* _INFORMATION SUPPLIED_:

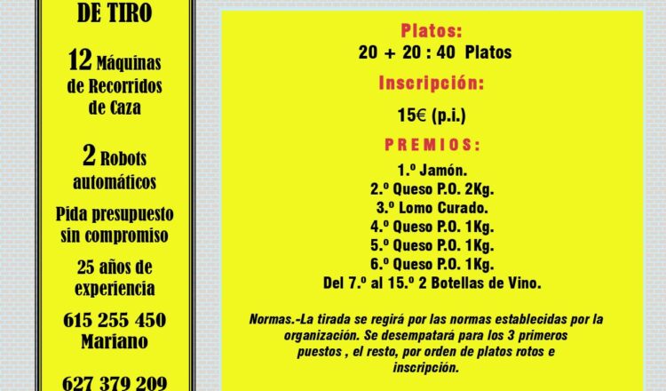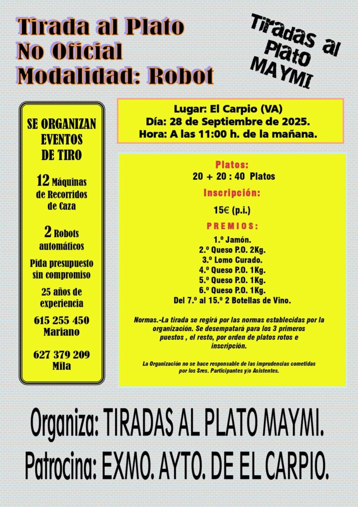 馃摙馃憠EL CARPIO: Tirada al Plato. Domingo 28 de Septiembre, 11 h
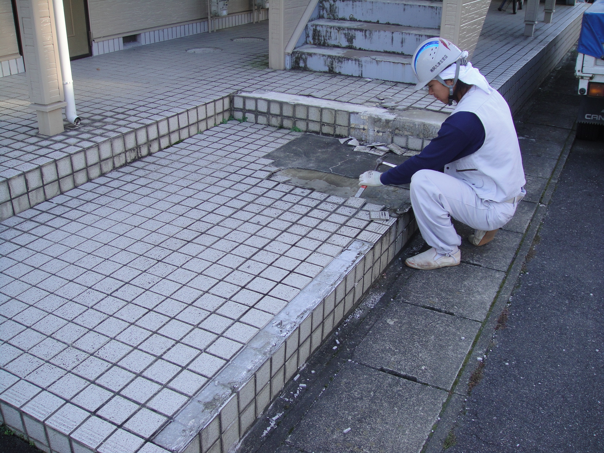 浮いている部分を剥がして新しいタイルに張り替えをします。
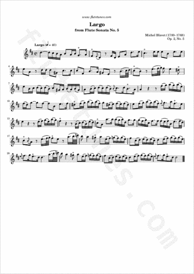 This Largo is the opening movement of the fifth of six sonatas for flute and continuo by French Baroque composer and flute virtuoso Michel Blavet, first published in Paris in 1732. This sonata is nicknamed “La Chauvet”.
* * *
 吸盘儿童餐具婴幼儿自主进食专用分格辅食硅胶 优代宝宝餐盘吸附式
--
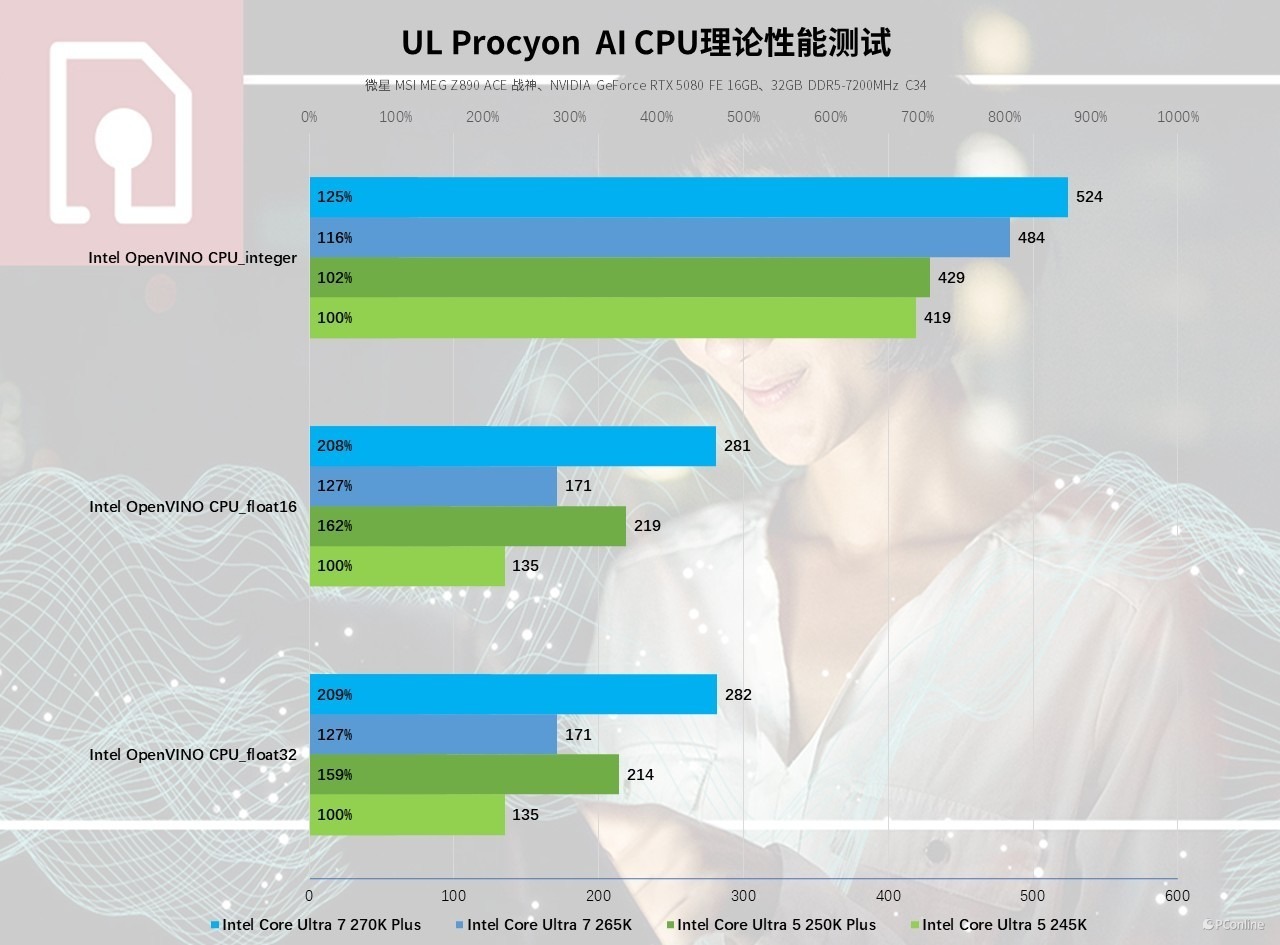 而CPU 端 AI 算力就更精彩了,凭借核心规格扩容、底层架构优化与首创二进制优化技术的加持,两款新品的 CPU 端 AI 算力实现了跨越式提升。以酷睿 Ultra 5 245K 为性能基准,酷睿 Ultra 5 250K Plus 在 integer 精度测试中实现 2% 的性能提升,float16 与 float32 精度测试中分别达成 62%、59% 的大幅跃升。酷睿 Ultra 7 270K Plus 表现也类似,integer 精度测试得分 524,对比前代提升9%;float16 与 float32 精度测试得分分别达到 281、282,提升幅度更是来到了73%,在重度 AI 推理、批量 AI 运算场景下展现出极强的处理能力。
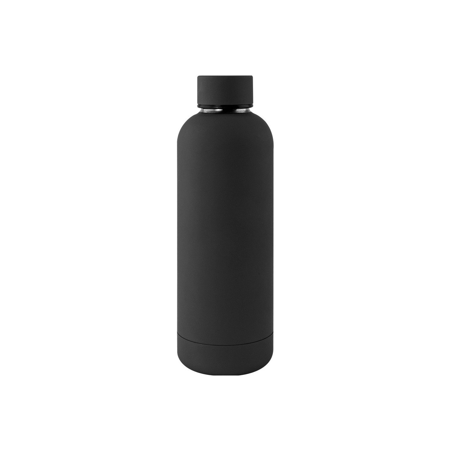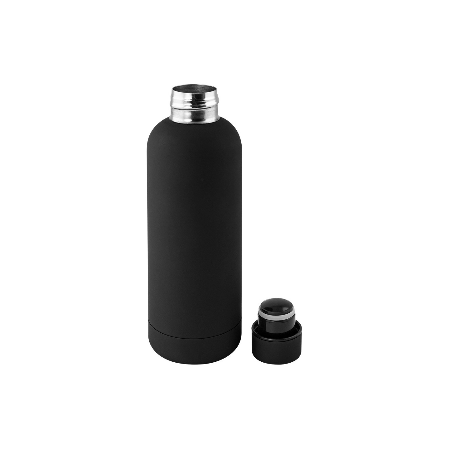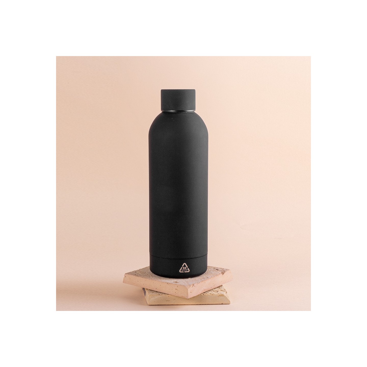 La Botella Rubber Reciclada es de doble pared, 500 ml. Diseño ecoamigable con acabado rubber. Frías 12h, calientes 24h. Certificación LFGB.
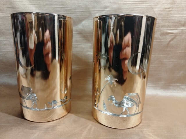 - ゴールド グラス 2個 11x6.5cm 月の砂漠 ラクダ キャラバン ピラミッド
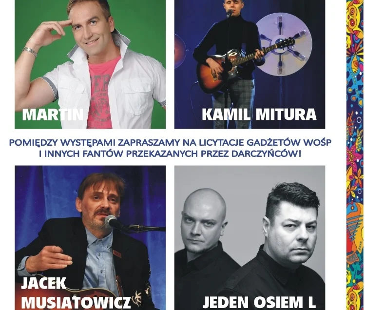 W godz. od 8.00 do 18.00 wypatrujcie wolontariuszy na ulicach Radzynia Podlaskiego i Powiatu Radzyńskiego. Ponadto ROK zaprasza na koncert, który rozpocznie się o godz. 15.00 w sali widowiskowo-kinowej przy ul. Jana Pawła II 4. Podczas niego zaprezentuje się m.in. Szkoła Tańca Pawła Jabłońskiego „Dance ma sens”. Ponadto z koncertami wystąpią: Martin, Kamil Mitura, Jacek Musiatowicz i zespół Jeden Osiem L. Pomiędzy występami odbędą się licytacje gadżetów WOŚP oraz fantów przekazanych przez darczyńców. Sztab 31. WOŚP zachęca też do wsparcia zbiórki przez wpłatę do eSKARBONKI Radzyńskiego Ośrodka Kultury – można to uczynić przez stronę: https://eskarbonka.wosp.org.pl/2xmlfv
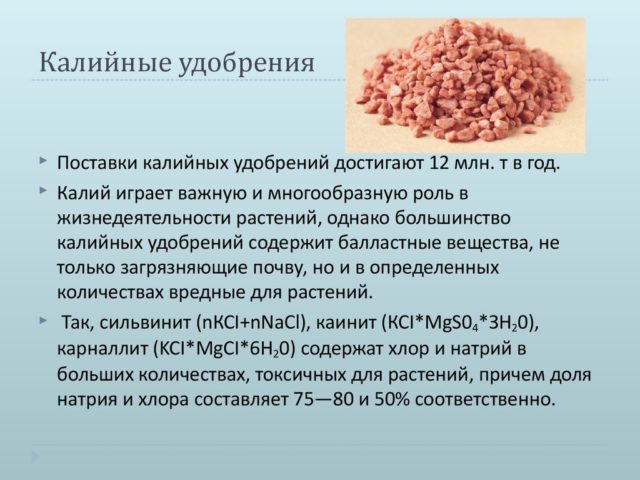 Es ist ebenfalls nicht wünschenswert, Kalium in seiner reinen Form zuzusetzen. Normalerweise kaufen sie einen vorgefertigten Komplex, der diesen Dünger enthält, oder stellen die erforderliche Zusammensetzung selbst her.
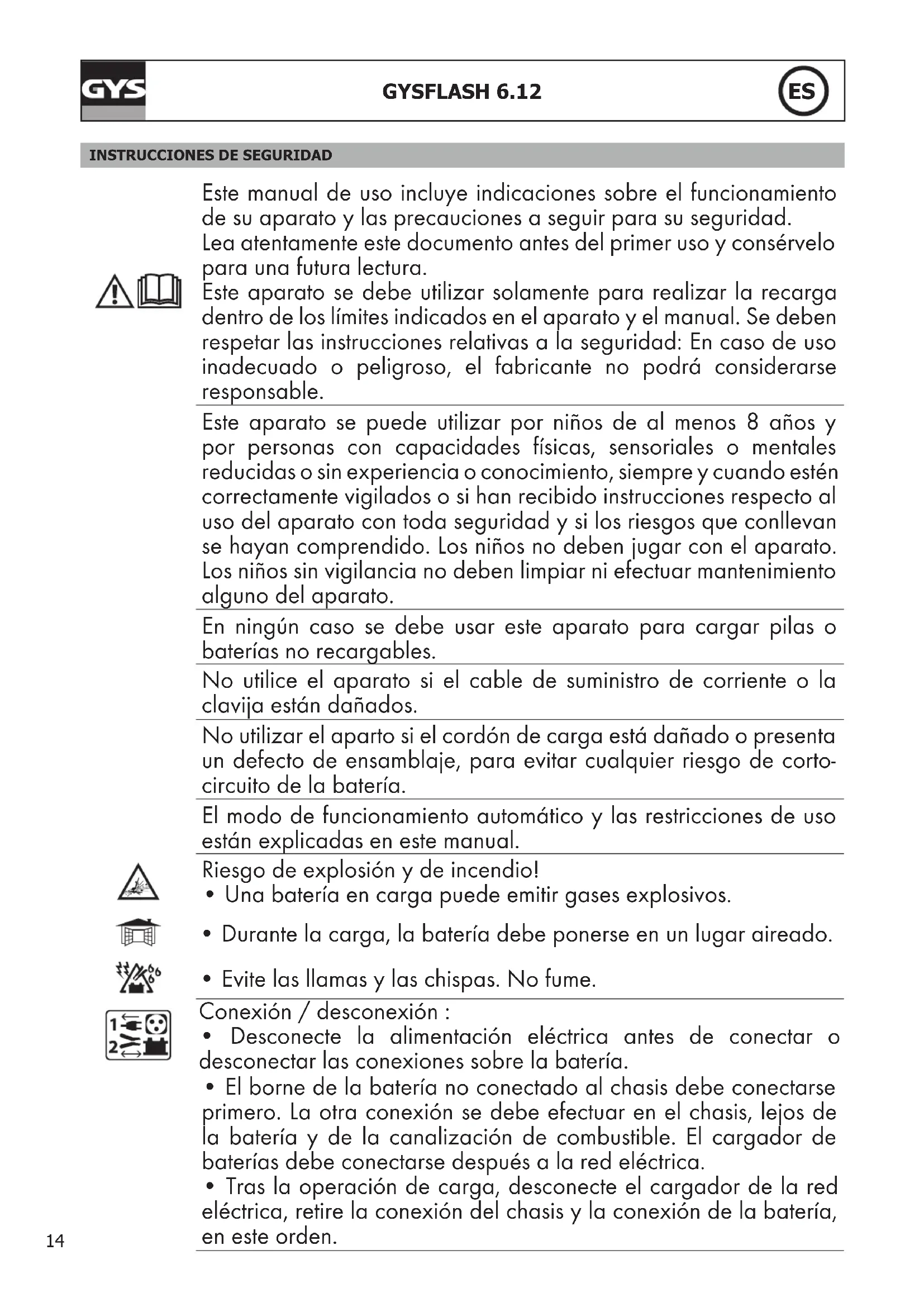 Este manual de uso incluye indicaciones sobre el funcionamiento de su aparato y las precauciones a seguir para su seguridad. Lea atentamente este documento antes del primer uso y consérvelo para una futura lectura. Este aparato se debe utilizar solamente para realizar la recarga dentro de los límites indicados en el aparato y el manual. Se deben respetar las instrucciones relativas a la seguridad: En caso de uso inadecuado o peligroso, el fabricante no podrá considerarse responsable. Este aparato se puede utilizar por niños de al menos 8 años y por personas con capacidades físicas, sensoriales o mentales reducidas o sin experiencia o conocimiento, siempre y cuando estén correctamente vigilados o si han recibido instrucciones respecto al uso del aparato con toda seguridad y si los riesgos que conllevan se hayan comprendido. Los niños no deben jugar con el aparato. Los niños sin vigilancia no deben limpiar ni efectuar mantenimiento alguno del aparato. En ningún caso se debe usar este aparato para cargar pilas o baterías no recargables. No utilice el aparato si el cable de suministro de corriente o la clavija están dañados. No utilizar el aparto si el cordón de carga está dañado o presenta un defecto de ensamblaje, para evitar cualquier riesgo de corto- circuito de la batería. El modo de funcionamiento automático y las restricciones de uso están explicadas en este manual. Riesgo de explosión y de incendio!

* _WHAT YOU HAVE TO DO_: Copy out the lines above from the line containing "馃摙馃憠EL CARPIO: Tirada" through the line containing "This Largo is", exactly, and keep the pictures out.

* _RESPONSE BOX_:
 馃摙馃憠EL CARPIO: Tirada al Plato. Domingo 28 de Septiembre, 11 h
 浮いている部分を剥がして新しいタイルに張り替えをします。
 This Largo is the opening movement of the fifth of six sonatas for flute and continuo by French Baroque composer and flute virtuoso Michel Blavet, first published in Paris in 1732. This sonata is nicknamed “La Chauvet”.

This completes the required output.